Creamy asparagus risotto with lemon and mint - a fresh, simple, vegan, and delicious dish for green asparagus fans!
- 2 tbsp olive oil
- 1 yellow onion or 2 shallots, minced
- 1 clove garlic minced
- 1 ½ cup risotto rice arborio
- 1 cup white wine or martini
- 5 cups vegetable broth hot
- 1 pound green asparagus
- 2 tbsp dairy-free butter or olive oil
- ½ bunch fresh mint chopped
- a splash lemon juice
Risotto: Heat a large pot with one tablespoon of olive oil. Add minced onion and garlic, sauté for 3 minutes until fragrant and translucent. Add risotto rice and sauté for another minute while constantly stirring.
Deglaze with white wine and wait until fully absorbed. Season with a good pinch of salt and pepper. Add one cup of hot vegetable broth and let it simmer on medium heat until fully absorbed, stirring occasionally.

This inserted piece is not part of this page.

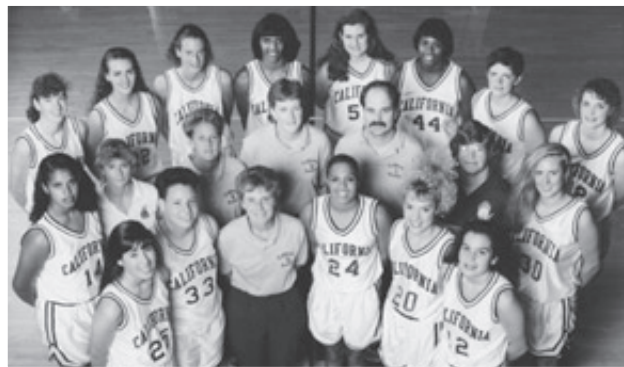
1992-93 NCAA Tournament Qualifying Team
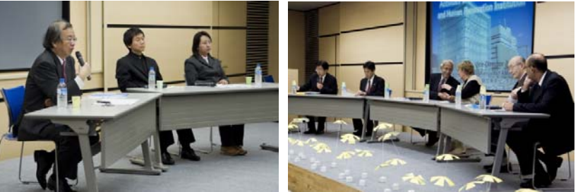
Tripartite Talk

Repeat until you have used up all vegetable broth (20-25min) - always wait until the vegetable broth has been fully absorbed before adding more.
Asparagus: In the meantime, snap the rough ends of the asparagus and discard. Cut the lower half of the asparagus into thin slices, the upper half into 2-inch pieces.Heat a skillet with one tablespoon of olive oil. Add the asparagus and roast for 5 minutes over medium to high heat. Season with a pinch of salt and pepper and set aside.
Stir the roasted asparagus, dairy-free butter, fresh mint, and a splash of lemon juice into the risotto. Season with salt and pepper to taste.
Take it from the heat, close the lid, and let it sit for 2-5 minutes before serving.
- Cheese: Sere with dairy-free cheese or Parmesan cheese (vegetarian).
- Keeps fresh for 3-4 days if stored in an airtight container in the refrigerator.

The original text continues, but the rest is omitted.